#### AVAILABLE DATA

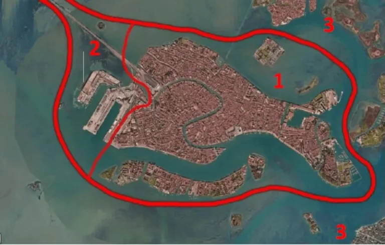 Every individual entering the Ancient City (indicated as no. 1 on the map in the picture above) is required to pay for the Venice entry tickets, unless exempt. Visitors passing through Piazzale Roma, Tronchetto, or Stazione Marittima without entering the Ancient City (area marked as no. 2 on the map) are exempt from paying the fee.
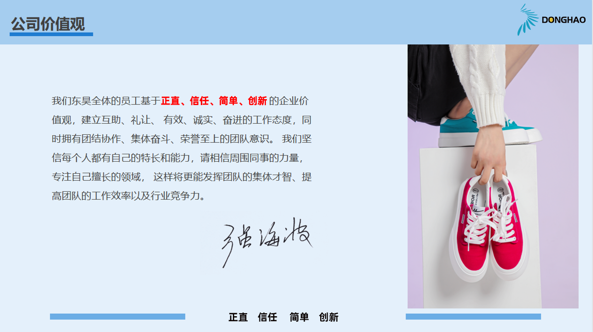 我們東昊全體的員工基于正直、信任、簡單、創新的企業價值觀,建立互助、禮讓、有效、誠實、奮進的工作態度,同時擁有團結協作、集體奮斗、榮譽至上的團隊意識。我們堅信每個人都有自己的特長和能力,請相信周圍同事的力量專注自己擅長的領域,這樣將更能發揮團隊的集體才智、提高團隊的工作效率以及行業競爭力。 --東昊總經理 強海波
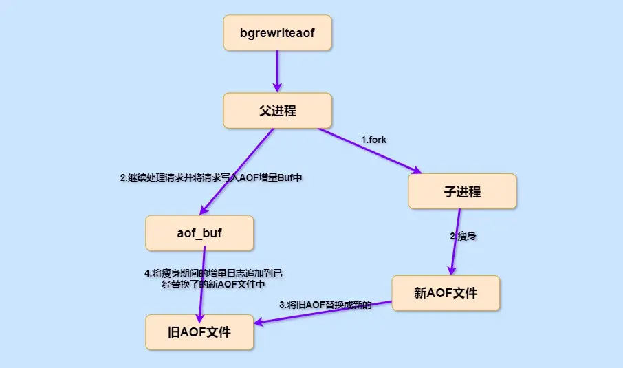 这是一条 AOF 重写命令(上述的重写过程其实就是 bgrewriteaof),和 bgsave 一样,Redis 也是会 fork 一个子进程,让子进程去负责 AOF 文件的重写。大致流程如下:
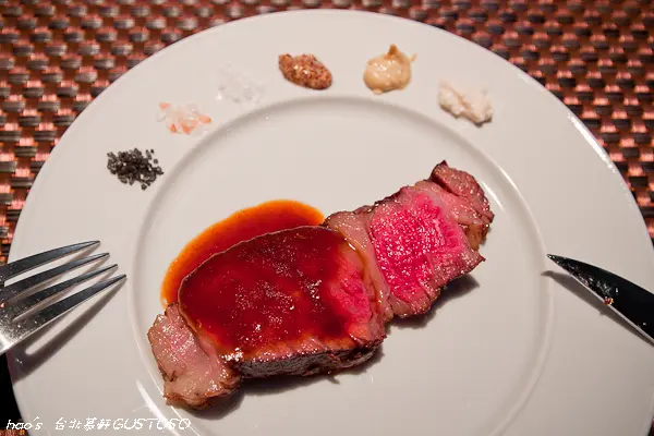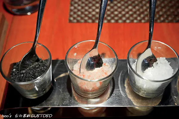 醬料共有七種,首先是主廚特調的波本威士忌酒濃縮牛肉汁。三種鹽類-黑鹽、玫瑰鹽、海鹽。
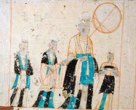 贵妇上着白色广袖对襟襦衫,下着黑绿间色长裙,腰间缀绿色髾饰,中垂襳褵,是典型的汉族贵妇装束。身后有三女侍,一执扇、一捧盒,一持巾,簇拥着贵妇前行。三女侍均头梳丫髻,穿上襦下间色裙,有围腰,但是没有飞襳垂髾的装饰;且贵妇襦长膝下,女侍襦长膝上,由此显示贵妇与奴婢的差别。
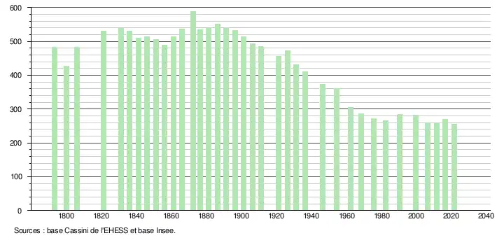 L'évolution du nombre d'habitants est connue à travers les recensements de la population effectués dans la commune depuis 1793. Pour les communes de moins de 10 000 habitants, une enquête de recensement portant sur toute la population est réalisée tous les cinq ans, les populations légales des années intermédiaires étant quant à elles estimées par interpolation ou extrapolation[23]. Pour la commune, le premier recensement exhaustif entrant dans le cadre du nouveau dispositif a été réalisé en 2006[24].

########

_PROBLEM TO SOLVE_
Repeat the exact lines from the first line of the data through the line containing "贵妇上着白色广袖对襟襦衫,下". Nothing else, no pictures.

_SOLUTION TO THE PROBLEM_
 Every individual entering the Ancient City (indicated as no. 1 on the map in the picture above) is required to pay for the Venice entry tickets, unless exempt. Visitors passing through Piazzale Roma, Tronchetto, or Stazione Marittima without entering the Ancient City (area marked as no. 2 on the map) are exempt from paying the fee.
 我們東昊全體的員工基于正直、信任、簡單、創新的企業價值觀,建立互助、禮讓、有效、誠實、奮進的工作態度,同時擁有團結協作、集體奮斗、榮譽至上的團隊意識。我們堅信每個人都有自己的特長和能力,請相信周圍同事的力量專注自己擅長的領域,這樣將更能發揮團隊的集體才智、提高團隊的工作效率以及行業競爭力。 --東昊總經理 強海波
 这是一条 AOF 重写命令(上述的重写过程其实就是 bgrewriteaof),和 bgsave 一样,Redis 也是会 fork 一个子进程,让子进程去负责 AOF 文件的重写。大致流程如下:
 醬料共有七種,首先是主廚特調的波本威士忌酒濃縮牛肉汁。三種鹽類-黑鹽、玫瑰鹽、海鹽。
 贵妇上着白色广袖对襟襦衫,下着黑绿间色长裙,腰间缀绿色髾饰,中垂襳褵,是典型的汉族贵妇装束。身后有三女侍,一执扇、一捧盒,一持巾,簇拥着贵妇前行。三女侍均头梳丫髻,穿上襦下间色裙,有围腰,但是没有飞襳垂髾的装饰;且贵妇襦长膝下,女侍襦长膝上,由此显示贵妇与奴婢的差别。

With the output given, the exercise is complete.